Um dos valores comuns nas tradições africanas de todas as partes do continente é o poder, a sacralidade, a energia da palavra. Portanto, o silenciamento é uma profunda agressão à existência africana, assim como não se ter liberdade para falar o que se deseja. Prender a palavra do sujeito africano é assassinar parte dele.
Como não admitia viver sem um propósito que valesse à pena, Steve Biko ficou conhecido por dizer que escrevia o que queria. Não era subserviente ao que desejavam que ele dissesse. Assim, "Escrevo o que eu quero" foi o título dado ao livro que reúne diversas de suas contribuições ao povo organizadas originalmente por meio da palavra falada e escrita.

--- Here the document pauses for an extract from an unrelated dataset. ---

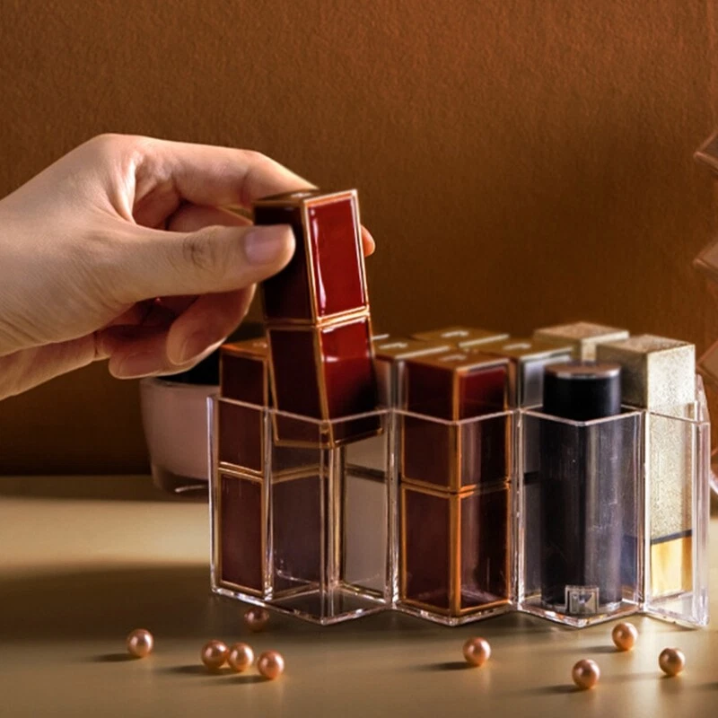 Description: Features: and high Stable structure: With stable and firm structure, this can stand, lay flat perfectly and be stacked together according to the shape of the edges. 10 spaces: For you to organize your lipsticks or other small beauty supplies. The size of will fit small to large base lipsticks. durable and acrylic material, the has a clear and body, which is easy to Clear body and special appearance make it elegant decoration for your dresser. This practical makeup with decorative look makes a great holidays, Christmas, and birthdays. Specification: Acrylic Color: As pictures shown. 1 Size: app. 2.5x2.5cm/0.98x0.98 Quantity: 1 pc Note: 1cm=10mm=0.39inch No retail package. Please allow 1-3cm error due to manual measurement. pls make sure you do not mind before you bid. Due to the difference between different monitors, the picture may not reflect the actual color of the item. Thank you! Package includes: 1 x Lipstick other accessories in the picture is not included.)

Trazemos a seguir, na íntegra, dois textos digitalizados de uma edição do livro citado feita pela Editora Kisimbi. Acesse uma outra edição do livro na Biblioteca AMANDLA. Discordamos, na tradução abaixo, do uso de "negro" no lugar de "preto", pelo motivo já exposto anteriormente. Mas, isso não impede a compreensão.
O primeiro texto apresenta um escurecido debate sobre o que é Consciência Preta, enquanto o segundo dá, para nossos ouvidos, uma substância cultural inegociável para se pensar a existência africana em qualquer lugar do mundo.
A questão de Biko
Certamente, são muitos os pontos incluídos no pensamento de Steve Biko, incluindo abordagens que podem nos servir de lição e agência em diferentes campos, como economia, educação, política, cultura.
Uma grande questão que aparece como eixo centralizador do seu pensamento é a necessidade de estabelecer parâmetros concretos para que o povo africano tenha, coletivamente, a garantia de viver uma verdadeira humanidade, a seu próprio modo, e não a partir dos referenciais brancos. A rejeição branca quanto ao seu pensamento foi tão intensa que ele, aos 30 anos, foi torturado e morto, depois de passar por diferentes perseguições.
A supremacia branca nunca negociou seu acesso exclusivo ao desfrute da humanidade. É por isso que, mesmo após a "reconciliação" com o fim do Apartheid em 1994, poucas foram as mudanças concretas nas desigualdades entre pretos e brancos na África do Sul. As políticas foram esvaziadas de elementos garantidores de humanidade, de uma humanidade autenticamente africana. No vídeo abaixo, há uma análise interessante quanto à questão da Consciência Preta para os atuais sul-africanos. É possível ativar as legendas e a tradução delas.
Que consciência temos?
Do lado de cá do Atlântico, no Brasil, a supremacia branca - que tem um projeto global de destruição de todos nós, africanos - se organizou de uma maneira diferente quanto à metodologia de opressão.
Enquanto na África do Sul o domínio se estabeleceu pela segregação explícita, por aqui desenvolveu-se uma tecnologia de assimilação. Nos pretos, implantou-se o sonho e a viabilidade de tornarem-se brancos, tendo como veículo a mestiçagem e a sutil "aceitação" nos espaços brancos, bem como a fraternidade entre todos e até mesmo a criação de uma classe branca empobrecida para causar confusão. No fundo o projeto é o mesmo.
Biko usava o termo "preto", que pode muito bem ser debatido hoje rumo à assunção de uma Consciência Africana ou Africano-Centrada, que parecem opções muito mais coerentes com nossa história e auto nomeação, já que a negrificação ou pretificação de nosso povo foi operada pelos europeus. Mas, talvez, o que mais importe nesse sentido, seja a essência dessa Consciência. Qual é a Consciência que temos? Sem dúvidas, Biko dá respostas a questões nas quais muitas vezes continuamos patinando hoje, como:
a urgência de orgulho e consciência histórica,
a ilusão da aliança com brancos na busca pela libertação,
a defesa de valores culturais africanos como espiritualidade e comunitarismo,
a organização pela autonomia econômica grupal,
a preocupação com a imagem africana oferecida às crianças,
o fortalecimento da autoestima e da estética com teor político e histórico.